During internal reviews I was alerted to the fact that the suggested fix essentially reverts patch ab1b732d53c18 ('ASoC: Intel: Skylake: Move i915 registration to worker thread') which was introduced to solve DRM lockup issues.
In other words, we are at a point where we either have DRM lockups or can't detect the HDMI audio codec, none of which are too good.
I don't have the background for the DRM lockup stuff, nor do I understand why snd_hdac_i915_init has to be called from a thread context. Is this really a requirement?
I also don't get what sort of timing issues would come from an initialization. What happens on the i915 side and is there some sort of mandatory delay between the completion of the i915_init and issuing a snd_hdac_chip_readw(bus, STATESTS) to get the codec masks on the HDaudio links?
Thanks for any pointers or comments.
-Pierre
On Wed, 16 Jan 2019 18:48:25 +0100, Pierre-Louis Bossart wrote:
Hi,
I could use some feedback on HDMI audio issues exposed during the 4.21 merge window.
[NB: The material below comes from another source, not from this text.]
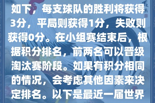 在世界杯小组赛中,积分规则简单明了,胜利得三分,平局得一分,失败为零分。小组赛结束后,根据积分排名,仅前两名可晋级淘汰赛阶段。若积分相同,则会考虑其他因素决定排名。最近一届世界杯小组赛积分竞争激烈,各队为晋级名额展开激烈争夺。

By accident (misleading documentation) we ended up enabling the Skylake driver instead of the HDaudio legacy, and broke audio on a number of Skylake and ApolloLake devices where the HDMI/iDISP codec was not detected (bit 2 not set in the codec_mask). Linus' Dell XPS13 9350 was the first to be impacted of course...
After debugging a bit, this issue can be resolved by either
a) compiling both SOUND and DRM as built-ins (y instead of m)
b) moving the calls snd_hdac_i915_init() to the probe function instead of the worker queue (code at https://github.com/plbossart/sound/commits/fix/skl-hdmi)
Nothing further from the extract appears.